Je sais que je devrai la rencontrer à mi-chemin, ça fait partie du deal. Mais je suis doué pour prétendre, après tout, que je suis un écrivain.

Je me recentre quand je réalise que Gee me parle. « Dites à Natalie que vous n’êtes pas intéressé à faire l’interview. Tu viens de faire une fausse couche pour l’amour de Dieu. Tu as besoin de te reposer.’

Elle se dresse face à moi et me tient doucement par les épaules. « Je suis inquiet pour toi, Em. »

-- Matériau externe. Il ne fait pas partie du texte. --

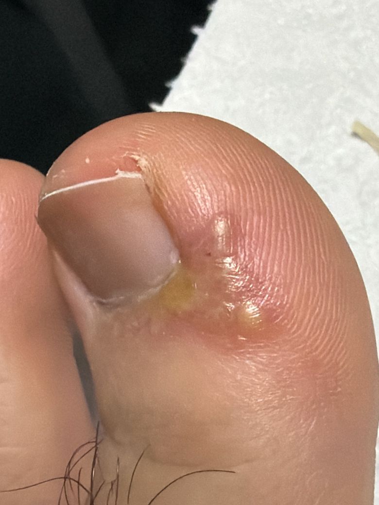 현재 상태는 단순 염증을 넘어 고름이 형성되는 단계로 진행된 가능성이 있으며, 이런 경우에는 자연적으로 호전되기 어렵습니다. 초기라면 온수 족욕과 국소 항생제 연고로 호전될 수 있지만, 이미 삼출물이 보이는 상태에서는 절개 및 배농이 필요한 경우가 많습니다. 통증이 있거나 눌렀을 때 심하게 아프다면 외과적 처치 적응증으로 판단합니다.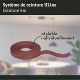 La ceinture ULine sert de base au système de ceinture ULine 48V. Disponible en deux longueurs (5 m et 10 m) et en cinq couleurs (du noir classique à l'orange exceptionnel), elle peut être placée librement dans la pièce et, si nécessaire, raccourcie à l'aide de ciseaux. Les luminaires correspondants peuvent être disposés à volonté sur la sangle. La sangle de 2,1 cm de largeur se fixe au mur, au plafond ou au sol à l'aide de supports adaptés. Il est ainsi possible de réaliser un concept d'éclairage personnel en quelques étapes. Le matériau Dacron de la sangle, résistant à la déchirure et durable, assure une durée de vie élevée et une grande capacité de charge. Les sangles sont revêtues et faciles à nettoyer. Un point fort particulier est le passage invisible du courant à l'intérieur, qui permet un aspect propre sans fils visibles. Deux embouts de finition en silicone sont inclus avec toutes les sangles pour une finition esthétique. Le système de ceinture ULine est une solution innovante pour des expériences lumineuses uniques dans toutes les dimensions de la pièce et permet une mise en scène lumineuse ciblée sur les murs, les plafonds et les sols.

« Je ferai l’interview, mais je ne promets rien au-delà de cela. »

«Ne prenez aucune décision irréfléchie. Vos hormones vont faire des ravages avec vos émotions en ce moment. Attendez un peu jusqu’à ce que les choses s’arrangent à nouveau.

Je n’ai pas besoin de répondre. Elle me connaît suffisamment pour savoir que ma vie ne s’arrangera jamais, pas tant que j’aurai terminé une recherche que j’ai repoussée depuis vingt ans.

« Eh bien, je n’ai pas l’intention d’aller à une fête ce soir », dit-elle. ‘Alan devra juste faire mes excuses.’

‘Mais tu vas nous manquer. Honnêtement, ça ira.

« Très bien ou pas, je ne vais nulle part sauf pour te ramener à la maison. Allez, on peut appeler Philippa et récupérer Ralph en chemin. La dernière chose que vous voulez, c’est qu’il saute et vous renverse.

Je ne pensais pas que je sourirais aujourd’hui ; mais alors qu’elle passe son bras au mien et que nous nous dirigeons vers le couloir, une partie de la noirceur s’estompe.

« Cela fait un moment que Ralph n’a pas sauté quelque part, il vieillit. »

« N’est-ce pas le cas ? » dit-elle en tirant une veste sur la cheville près de la porte d’entrée.

Nous serpentons dans la ruelle jusqu’au numéro dix-neuf Filbert Road; l’endroit où Mark et moi habitons depuis environ un an.